Moms band together to get teen new bike

A group of moms have shown a Burnaby teen there are still good people in the world. Early Monday morning, 12-year-old Keira Fix’s bike was stolen. Someone had cut the lock and taken it right from the family’s front door.
keira Fix
COMING TOGETHER: From left, Jesse Blackmore, Keira Fix, Leah MacIntyre and Paisley MacIntyre. Fix received a new bike on Tuesday, bought from funds raised by complete strangers on Facebook.

A group of moms have shown a Burnaby teen there are still good people in the world.

Early Monday morning, 12-year-old Keira Fix’s bike was stolen. Someone had cut the lock and taken it right from the family’s front door.

The bike, which she bought in February, was special. It took her five months to save money from her paper route for the $200-wheels.
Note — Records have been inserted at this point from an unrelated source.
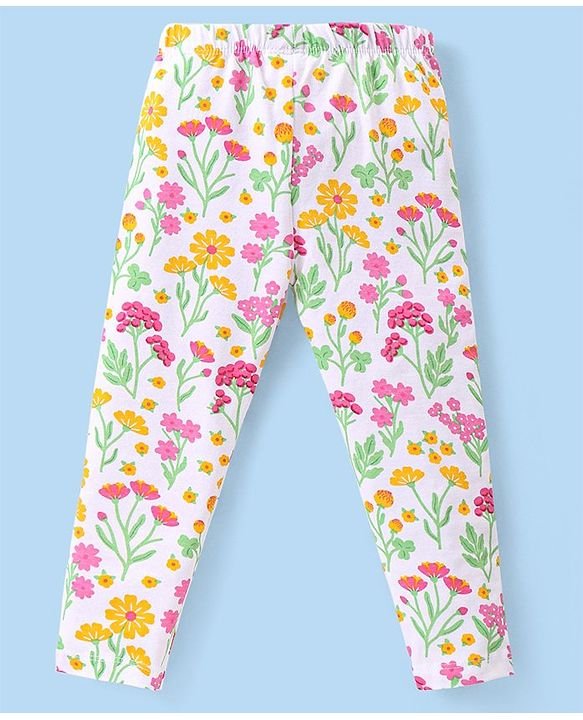 Babyhug Cotton Knit Full Sleeves Schiffli & Lace Detailed Top With Floral Printed Leggings – Yellow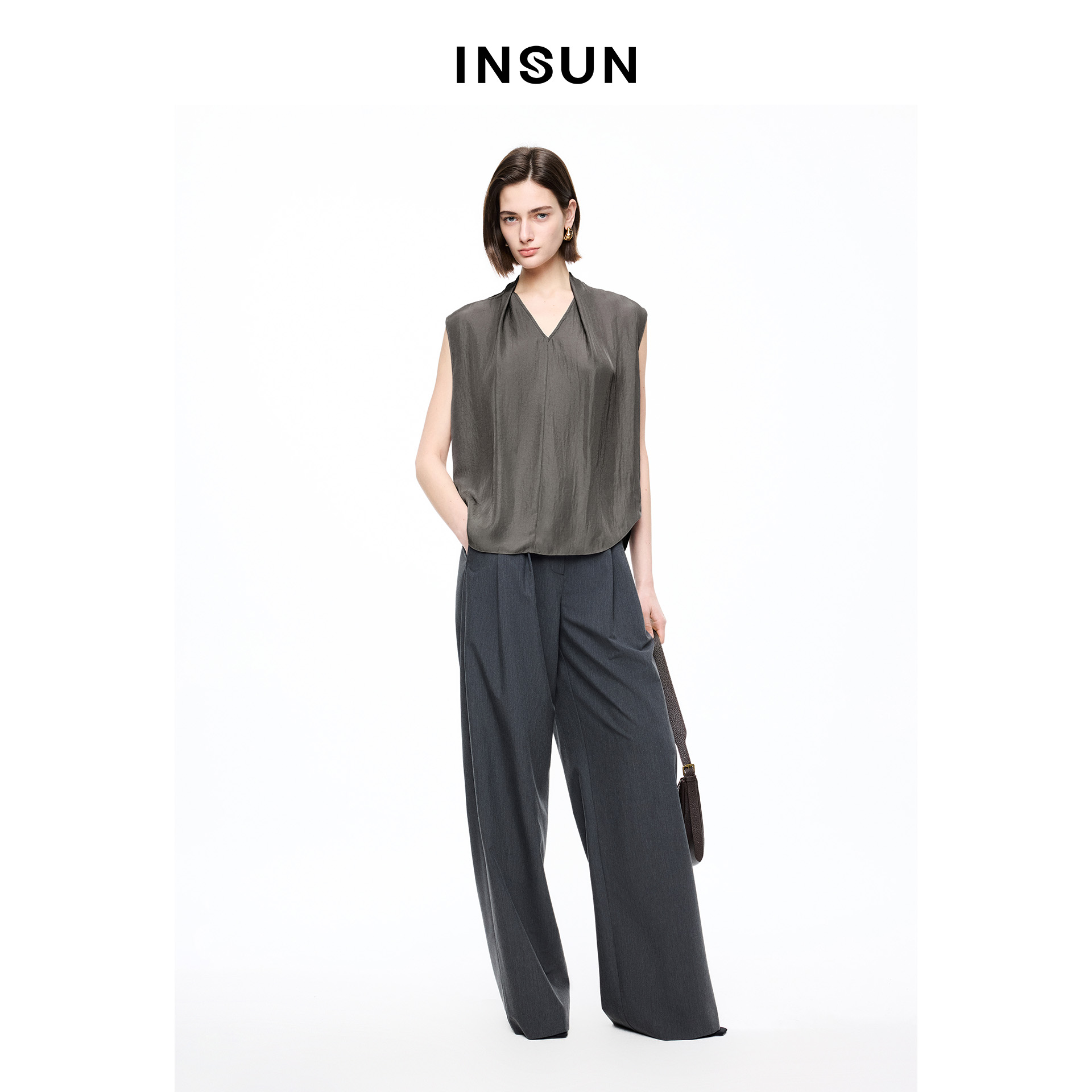 INSUN恩裳专选2026夏季V领连肩袖易打理显瘦100%醋纤背心9C66204010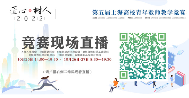第五届上海高校青年教师教学竞赛决赛将于10月25日-10月27日在上海师范大学拉开帷幕。今年的青教赛将以现场直播的方式对外发布,可扫描以下二维码观看: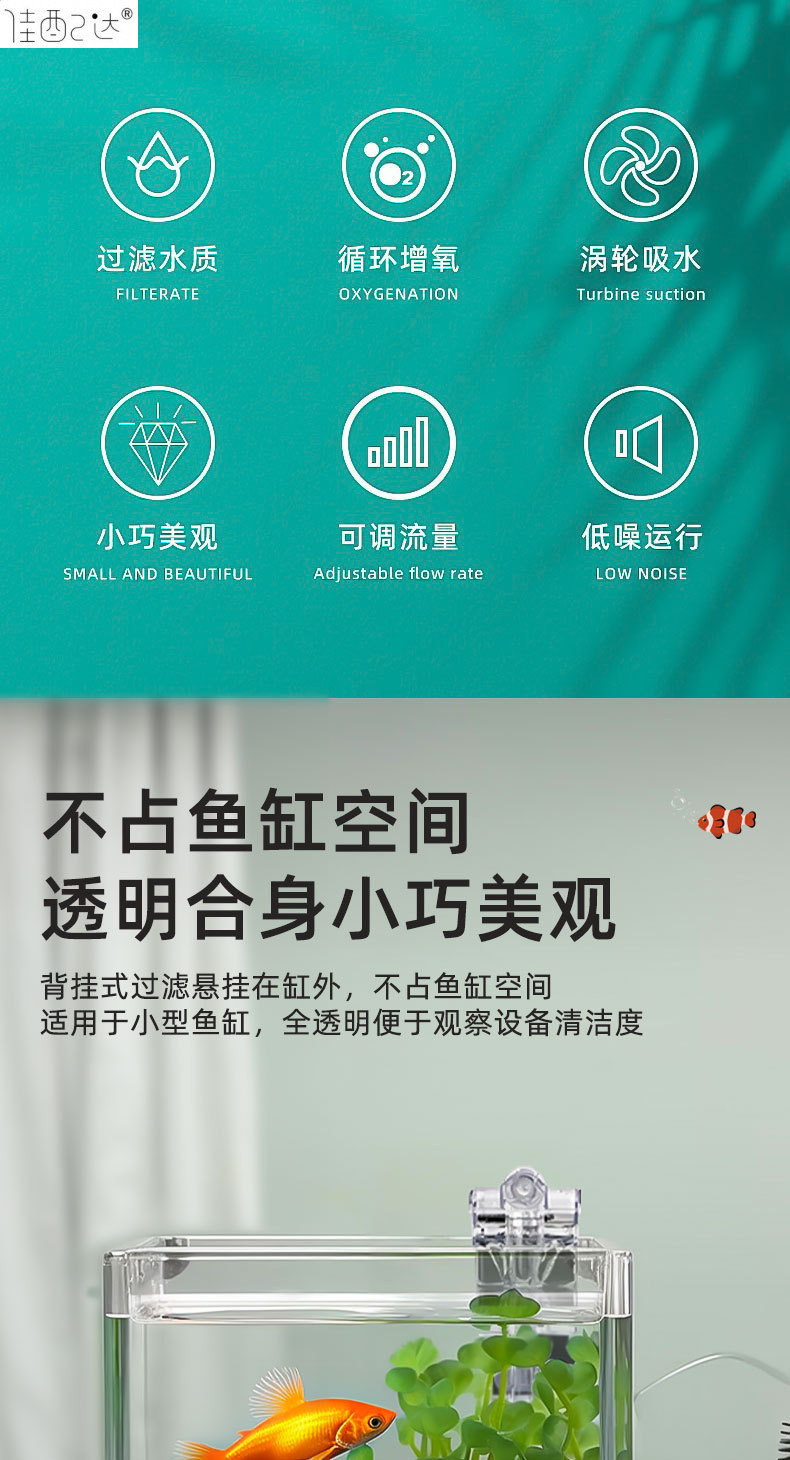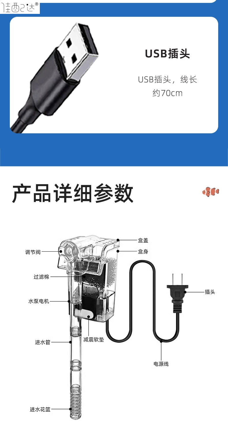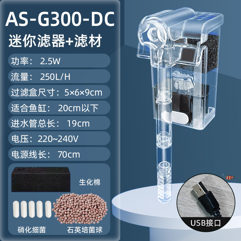 미니 수조 필터 물 순환 3-in-1 산소 공급 및 물고기 흡입 방지 소형 벽걸이형 폭포형 소형 워터 펌프스토어 가기

“(She delivered) the paper in the rain, the cold, the heat, everything,” says her mother, Lana Pelletier. “It broke her heart.”

Pelletier told her neighbour Jesse Blackmore that morning.  Frustrated that someone would do such a thing, Blackmore posted about what happened in a mom’s Facebook group of 4,000 members later that night, around 8:30 p.m.
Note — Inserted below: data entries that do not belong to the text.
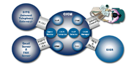 CICM是ITI解決方案中的核心模塊,該模塊完成系統(tǒng)涉及到互聯(lián)網(wǎng)的所有通話的控制,包括VOIP、E-mail、Chatting、畫像通話等。而該模塊與CICR的連動(dòng)正是完成CTI和ITI技術(shù)完美結(jié)合的關(guān)鍵。即當(dāng)一個(gè)網(wǎng)上呼叫呼入時(shí),由CICR返回所分配的話務(wù)員相關(guān)信息(如:IP),然后CICM將該信息送給客戶使得網(wǎng)絡(luò)聊天和WEB到電話的通話得以同步。而CCPM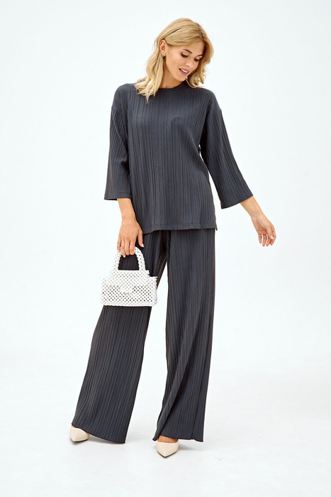 Элегантные брюки из плиссированного трикотажа свободного кроя, верхний срез собран на резинку. От бёдер максимально расклешенные, создают имитацию юбки.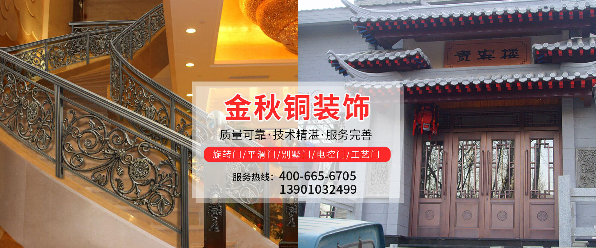 北京金秋銅裝飾材料有限公司是專業生產銅裝飾材料及設計、開發、制造、施工、售后服務為一體的大型綜合企業。可承接建筑銅裝飾工程及五星級酒店、別墅、博物館、樓樘管所等高檔銅裝飾項目;生產各種規格的旋轉門、平滑門、別墅門、電控門、工藝門、旋轉護欄、屋頂銅飾防水瓦、浮雕壁畫......

“I went home and couldn’t stop thinking about it,” she told the NOW, adding her post was more of a rant than anything.

Before she knew it, people were asking how they could help and where could they donate. By midnight, enough money was raised to buy Fix a new bike – the exact model she had before – and a new heavy-duty lock.

“We were all bawling. It was crazy,” said Blackmore.

One of the moms who donated to the cause was Leah MacIntyre, who collected all the donations, went to Canadian Tire to pick up the bike and delivered it to Fix Tuesday evening.

“It was so heartwarming. I was telling people at work, I said, ‘I can’t believe this,’” she said of the online donations. “These are the same women who post they’re short on money for groceries this month or are short on money for formula. These same women pitched in what they could to help some stranger get her new bike and be happy again.”

Fighting back tears, MacIntyre said as a mother to two young children, she wanted to set an example for her kids and show them there are kind people in the world. She even brought her four-year-old daughter Paisley along with her when she gave Fix her new ride.

As for the Burnaby teen, she said she was “very happy” about the gift.

“Thank you – there are really no other words,” she said.

Fix’s mom was also “shocked” at the generosity of strangers and how fast people reacted to her daughter’s story.

“I couldn’t believe it. I don’t even know these people,” Pelletier said. “I guess everybody can relate to losing something they’ve earned.”